C++ executable to convert a TMVA BDT model stored in an XML file to a XGBoost JSON file.
The tmva2xgboost script has no dependencies other than the C++ standard library and the boost libraries.
g++ -o tmva2xgboost -lboost_program_options tmva2xgboost.cpp
You have to pass the XML model file path and the number of features used by the model, for example:
./tmva2xgboost --input model.weights.xml --n_features 22 > model.json
Always validate your converted XGBoost model before using it in production!

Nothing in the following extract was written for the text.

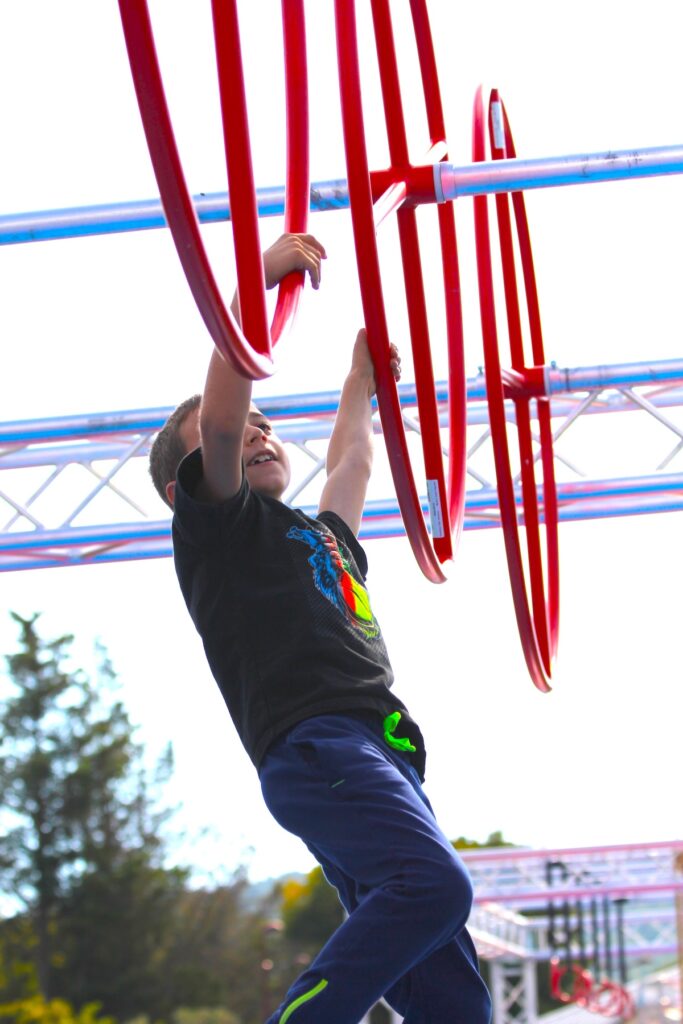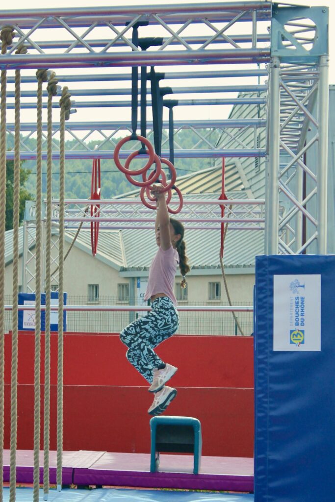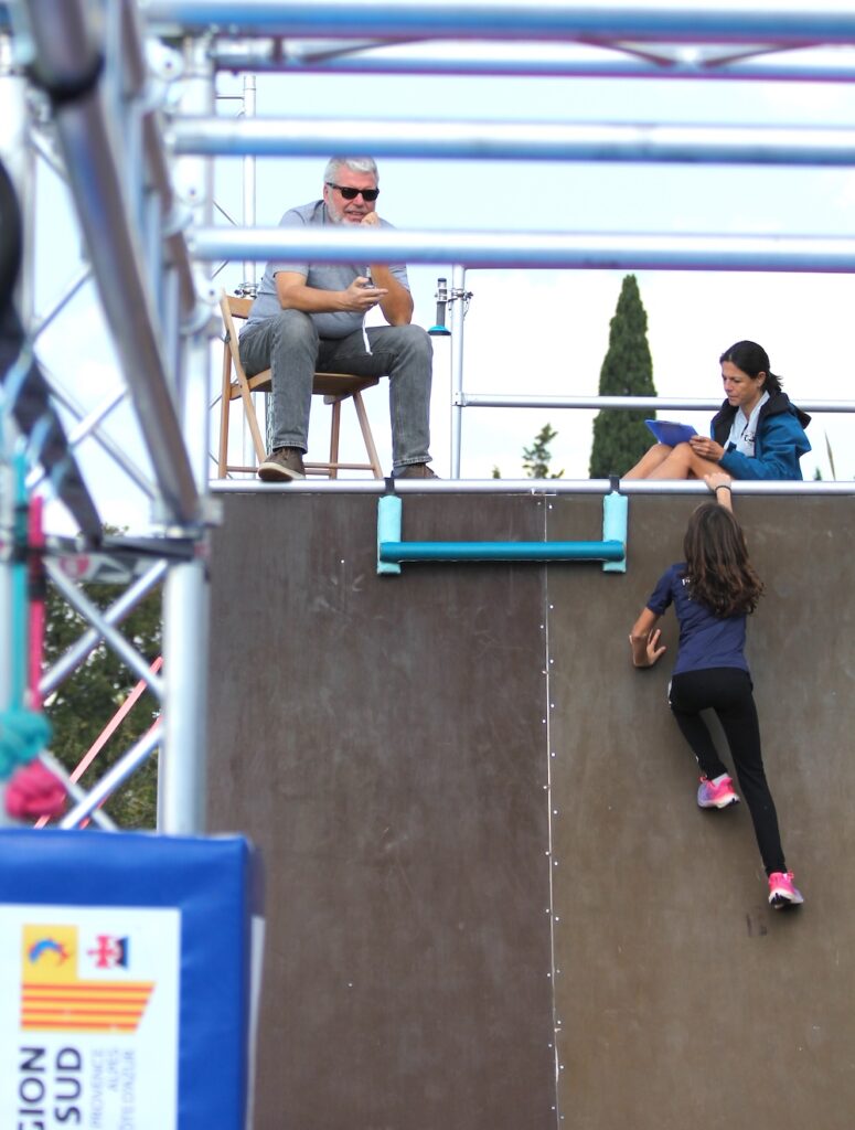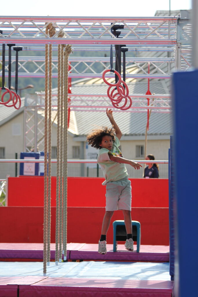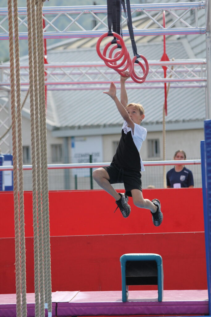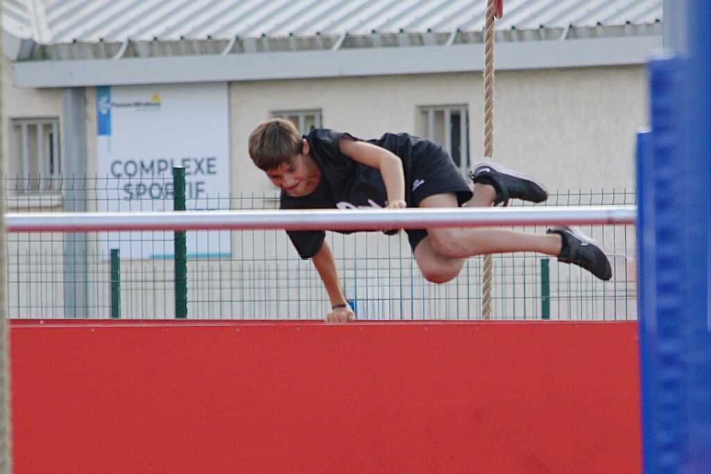 L’épreuve d’obstacles a été l’occasion de tester les différentes adaptations possibles du parcours adultes, afin que les enfants puissent pratiquer sans avoir recours à un second parcours en modèle réduit. L’utilisation de tremplins et le remplacement de la Big Wheel par une corde de Tarzan a fait ses preuves. Toutefois, nous pensons qu’il faut aussi des tremplins de 15cm pour les U15, car il est impossible d’adapter la hauteur de la structure « pour que chaque participant puisse accéder à l’obstacle », comme le prévoit le règlement, au cours de la compétition.

For some TMVA trainings, the response needs to be normalized by the number of trees. This can be enabled with the --norm
options.
Sometimes, one also has to get the score from the purity
XML attribute instead of the one names res
. This can be done with the --use_purity
option.
Some TMVA trainings also have a different boosting weight for each tree. these trainings are not supported by XGBoost.
It can also happen that a TMVA weight file contains multiple BDTs. You have to split it up manually in individual XML files with the correct structure. Please keep in mind that the numer of features can be different for each sub-method.
The tests are implemented as Python unit tests in the test
directory.
To run the tests, change into the test
directory and first compile the gbrforest
library taken from CMSSSW that is used to produce the reference results in one of the unit tests:
cd test
sh compile_gbrforest.sh
Now, you can run the unit tests in the test_*.py
files either py running them individually with Python, or by running pytest
in the directory (or just python -m unittest
if pytest
is not installed).
There are two unit tests that are also useful to see how the converted XGBoost model can be used to reproduce the output of TMVA or GBRForest.